We’ve put together this comprehensive guide to help you do just that: Work through the process, step-by-step, mine and aggregate data, determine the best way to layout your map and present information, and more to create an experience map that stands on its own and informs your strategy across channels and touchpoints in an omni-channel world. Use the links below to jump to a specific section, or read from start to finish for a complete primer on the customer experience mapping process:
- Customer Experience Mapping vs. Customer Journey Mapping
- Customer Experience Maps: Addressing the Omni-Channel Experience
- Goals of Customer Experience Mapping
- Customer Experience Map Prerequisites
- Mapping the Experience
- CX Mapping Tools and Templates
- What Makes a Good Customer Experience Map?
- Additional Resources and Tutorials
You might think a customer experience map is the same thing as a customer journey map. They’re similar, but not exactly the same. A customer journey map outlines the touch points consumers experience from first exposure to sale and even post-sale interactions with a company. A customer experience map takes it one step further, examining the complete picture of the customer experience with a brand, analyzing behavior and interactions across touchpoints and channels.
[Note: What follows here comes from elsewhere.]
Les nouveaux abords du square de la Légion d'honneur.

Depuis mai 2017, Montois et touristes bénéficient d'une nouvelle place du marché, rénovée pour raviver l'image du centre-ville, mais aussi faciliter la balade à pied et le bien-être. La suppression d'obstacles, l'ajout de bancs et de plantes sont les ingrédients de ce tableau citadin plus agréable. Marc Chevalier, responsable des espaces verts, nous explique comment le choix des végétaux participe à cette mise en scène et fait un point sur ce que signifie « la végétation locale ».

Rather than a linear path from point A to point B, a customer experience map provides an understanding of the process that every type of target customer goes through when interacting with your brand, visually organizing every possible interaction a consumer could have with a brand throughout the entire buying journey. Jim Kalbach, author of Mapping Experiences explains, “Experience maps look at a broader context of human behavior. They show how the organization fits into a person’s life.”
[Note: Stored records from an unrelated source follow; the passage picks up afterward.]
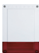
SR150 Sirena autoalimentata senza fili
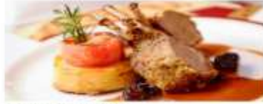
Adult-Exclusive Dining Enjoy romantic dinner destinations that cater exclusively to adults looking for fine dining amid an elegant atmosphere. View More
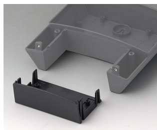
B3314918 Infill cover 140 ASA+PC (UL 94 V-0) lava

A customer journey map is best suited when you’re focused on a specific path – such as the buying journey for one specific type of target consumer for one specific product, service, or product/service line. An experience map, on the other hand, is the better choice if you’re aware that customers aren’t having the best experience they could be, but you’re not sure where the problem lies. Heart of the Customer offers two useful examples that can aid in understanding the ideal use cases for each of these customer strategy planning tools:
- A customer journey map was selected as the best tool for helping a hospital understand its radiology experience, from scheduling to receiving advanced imaging. In this case, a customer journey map was able to offer valuable insights to the organization about the specific touchpoints at which customers were becoming frustrated – and where the organization could focus its efforts to create a better patient experience and generate loyalty. While a journey map was the best tool for this specific purpose, it offered no value to the hospital’s departments outside of radiology.
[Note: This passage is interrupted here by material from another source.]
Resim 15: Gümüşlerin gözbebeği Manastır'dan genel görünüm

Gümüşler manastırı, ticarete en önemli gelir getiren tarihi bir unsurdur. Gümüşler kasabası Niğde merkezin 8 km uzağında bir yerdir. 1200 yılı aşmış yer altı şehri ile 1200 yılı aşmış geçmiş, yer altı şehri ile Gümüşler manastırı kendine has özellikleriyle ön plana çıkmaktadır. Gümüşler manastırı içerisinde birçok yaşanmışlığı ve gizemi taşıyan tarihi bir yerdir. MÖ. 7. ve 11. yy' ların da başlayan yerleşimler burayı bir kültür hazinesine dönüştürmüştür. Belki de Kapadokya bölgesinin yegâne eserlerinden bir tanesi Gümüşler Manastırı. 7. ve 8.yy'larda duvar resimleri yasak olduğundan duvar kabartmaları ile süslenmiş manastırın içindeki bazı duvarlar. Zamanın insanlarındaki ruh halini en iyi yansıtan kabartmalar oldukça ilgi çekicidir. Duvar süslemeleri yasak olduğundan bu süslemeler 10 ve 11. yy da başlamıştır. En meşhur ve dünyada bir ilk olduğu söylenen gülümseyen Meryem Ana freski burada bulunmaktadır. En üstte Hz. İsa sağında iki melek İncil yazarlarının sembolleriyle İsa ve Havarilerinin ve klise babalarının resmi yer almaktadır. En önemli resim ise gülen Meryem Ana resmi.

- A customer experience map was used for a non-profit organization experiencing member disengagement at some point throughout their multi-year experience, but the organization was unsure where the disengagement was occurring or what events and interactions were catalyzing the shift. In this case, an experience map provided actionable results, revealing key insights that informed changes to the overall member experience, to restructuring its membership approach, and onward. After implementing changes on this level, the organization is able to then hone in on specific member (customer) journeys to improve individual experiences.
It’s easy to see how the two can be confused, but the best way to think about a customer experience map is that it’s a more all-encompassing visualization of the big picture, while journey maps are more focused, mapping the interactions a specific buyer persona has from first interaction to post-sale loyalty, or, in the most undesirable scenarios, customer attrition.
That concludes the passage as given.